» **PROBLEM**:
All lines at and after the one containing "The Vela Shower", up to the end of the listing below, are to be printed exactly, with the pictures omitted.

» **INFORMATION SHOWN**:
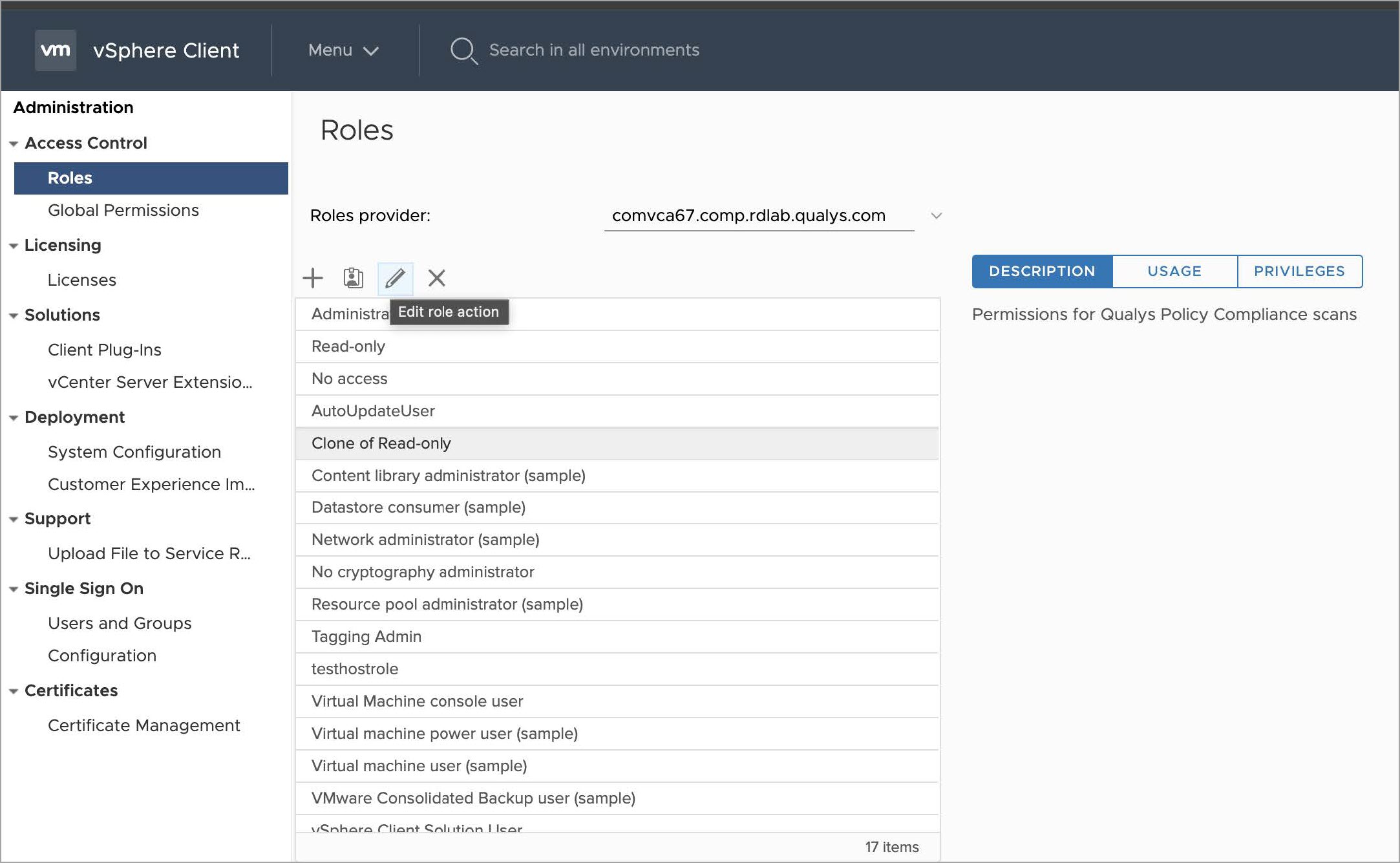 - Update the Role name to indicate the purpose of the role - Qualys Policy Audit
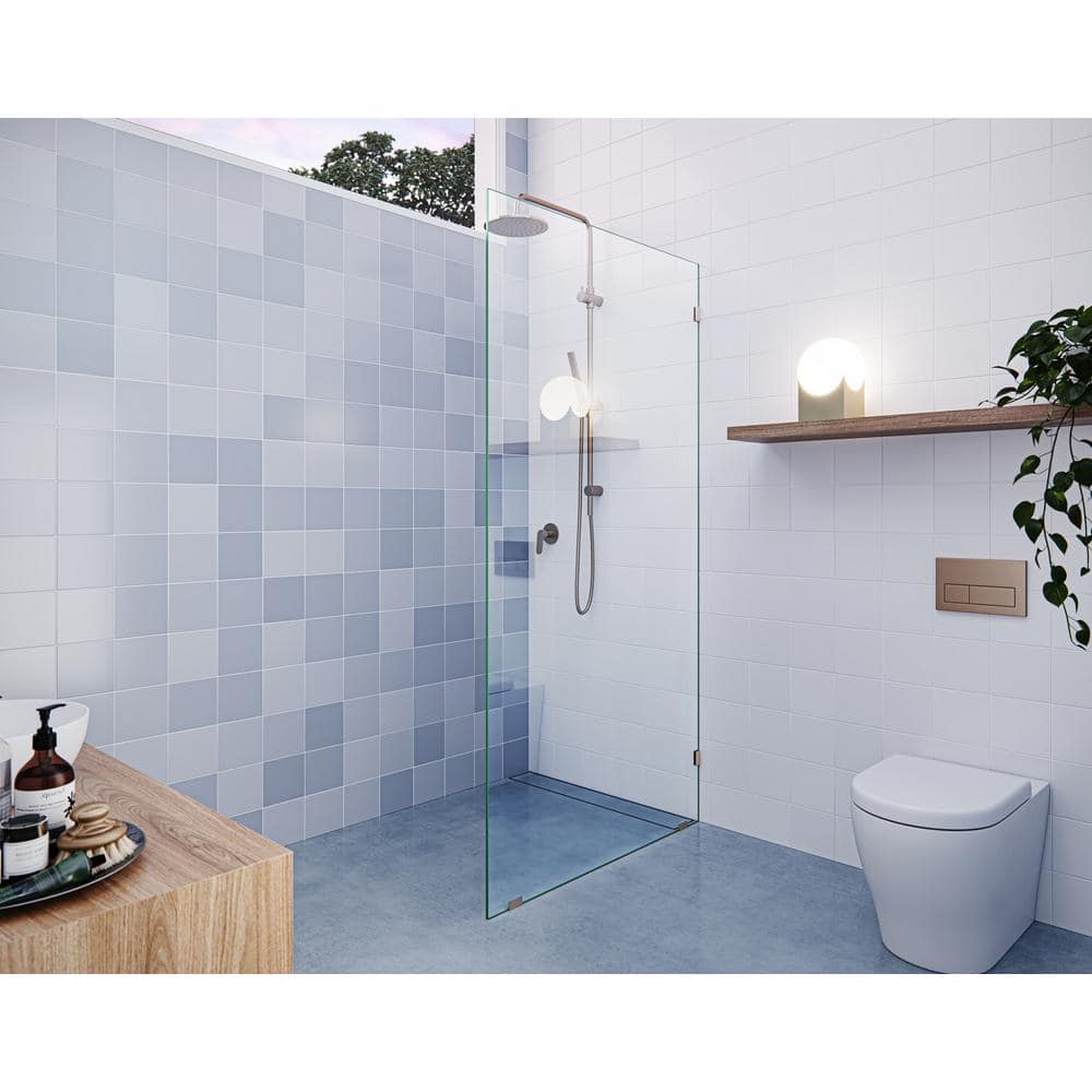 The Vela Shower Door from Glass Warehouse is more than just a bathroom fixture—it's a statement of refined taste and modern sophistication. With its expansive, frameless design and brushed bronze accents, this door elevates any bathroom into a magazine-worthy space. Imagine pairing it with lush, monochromatic tiles or contrasting textured walls to highlight its clarity and finesse. Embrace the minimalist allure of the Vela, a true testament to the art of contemporary living.
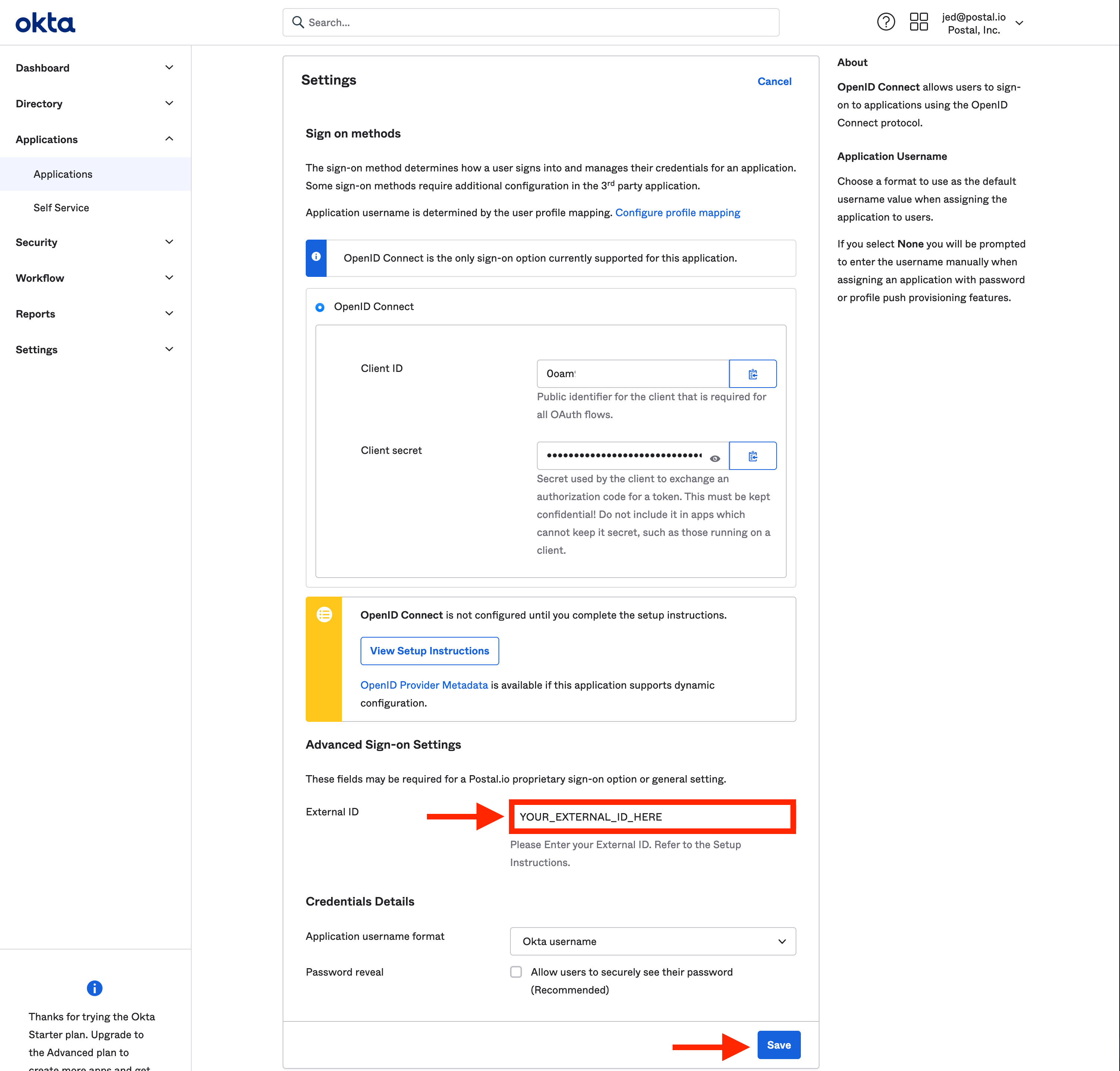 Step 7: In Okta, paste the External ID in the Advanced Sign-on Settings > External ID and select 'Save'
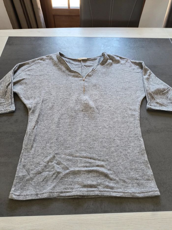 Vends tee shirt épais. De marque cache-cache. Taille 38. En très bon état. Couleur gris.

» **WRITTEN SOLUTION**:
 The Vela Shower Door from Glass Warehouse is more than just a bathroom fixture—it's a statement of refined taste and modern sophistication. With its expansive, frameless design and brushed bronze accents, this door elevates any bathroom into a magazine-worthy space. Imagine pairing it with lush, monochromatic tiles or contrasting textured walls to highlight its clarity and finesse. Embrace the minimalist allure of the Vela, a true testament to the art of contemporary living.
 Step 7: In Okta, paste the External ID in the Advanced Sign-on Settings > External ID and select 'Save'
 Vends tee shirt épais. De marque cache-cache. Taille 38. En très bon état. Couleur gris.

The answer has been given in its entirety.